Designing Hybrid Context Layers is a skill from Agensi that addresses a structural flaw common in RAG-based agent architectures: treating every query as a simple document lookup. Most retrieval failures are not model failures — they result from mismatched retrieval strategy and query type.
The skill defines a three-layer context model. Layer 1 is a Factual Store using Vector RAG, appropriate only for single-fact or single-document point queries. Layer 2 is a Relational Store backed by a knowledge graph, designed for entity relationships, dependency chains, and multi-hop queries that require traversal across linked nodes — for example, identifying which teams own services that depend on a deprecated API. Layer 3 is a Temporal/Episodic Store using a timeline index, which handles event sequences, causal decision chains, and questions like “What decisions led to this incident?” that require timestamped structure.

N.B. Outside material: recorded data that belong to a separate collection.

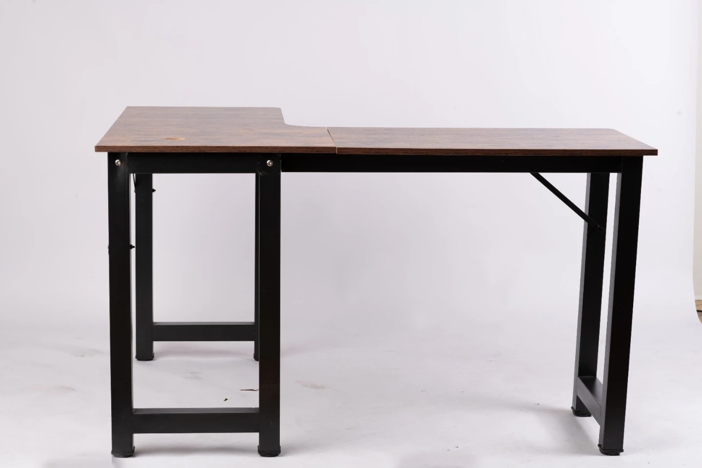 Looking to sell my L-shaped corner desk. It features a brown wood-look top and a sturdy black metal frame. Perfect for a home office or study space!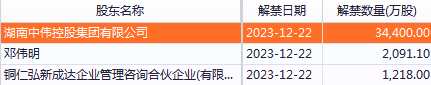 本周解禁數(shù)量最多的是舒華體育(605299),中偉股份(300919)有3.77億股限售股將在12月22日到期,占總股本比例達(dá)56.3%,市值約為169.31億元,占本周總量的21.4%,解禁明細(xì)如下: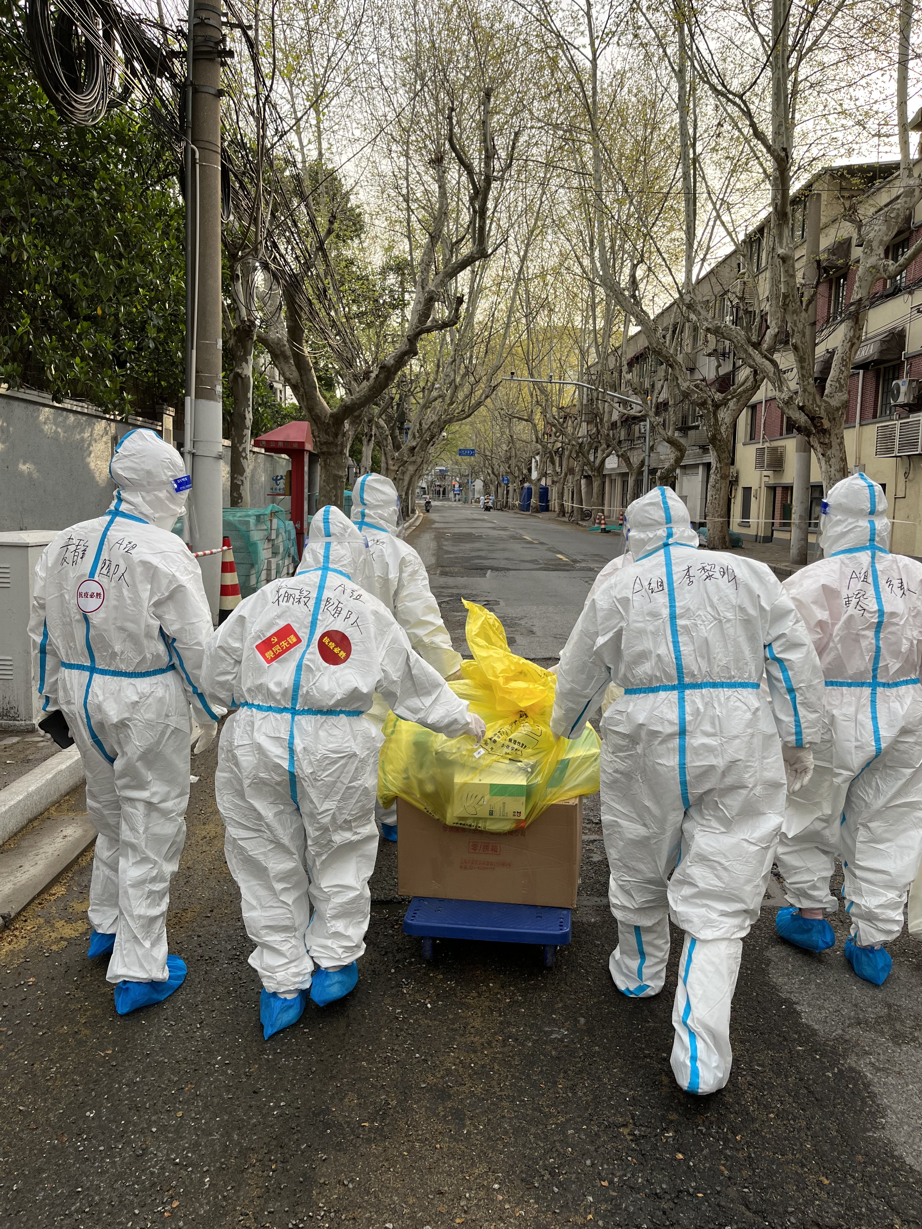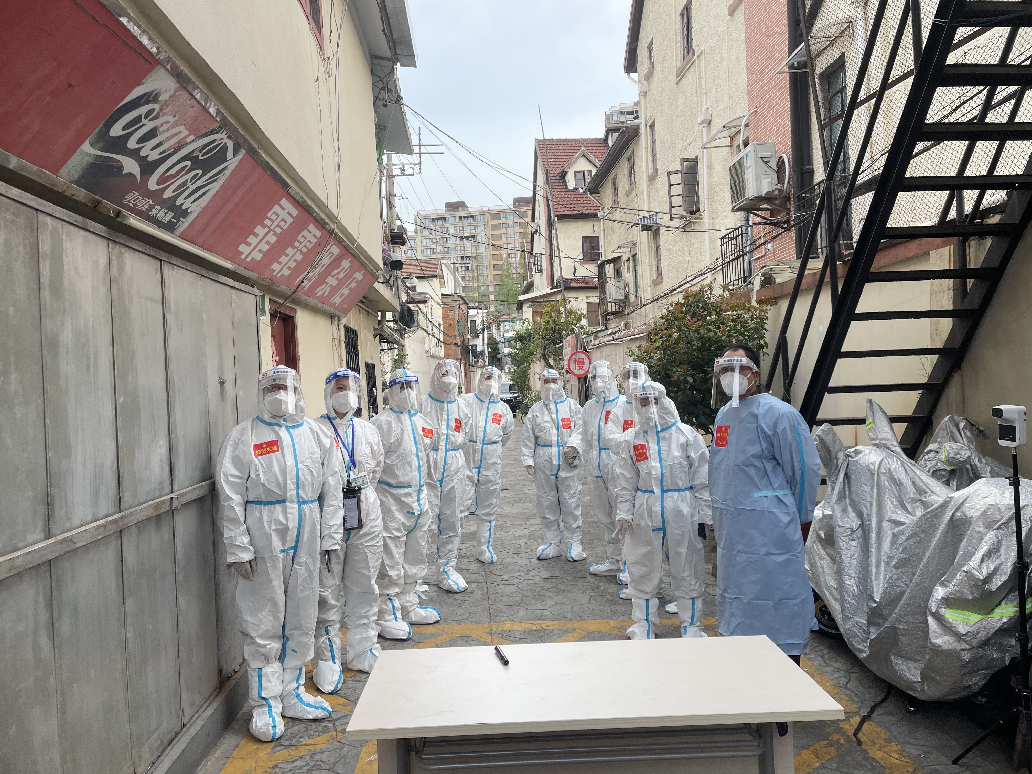 4月1日清晨的第一缕阳光里, “大白”“小蓝”们已经在社区各个点位上准备就绪。

The skill also delivers a query router decision tree — a concrete classification step that determines which layer handles each incoming query before any retrieval begins. This prevents silent failures such as routing relational queries through vector search, which produces degraded answers as context volume grows.
A phased implementation roadmap is included for teams migrating from RAG-only systems. The skill targets teams building AI agents over enterprise knowledge bases, architecture decision records, or incident histories where relational or causal answers are required, not just fact lookups.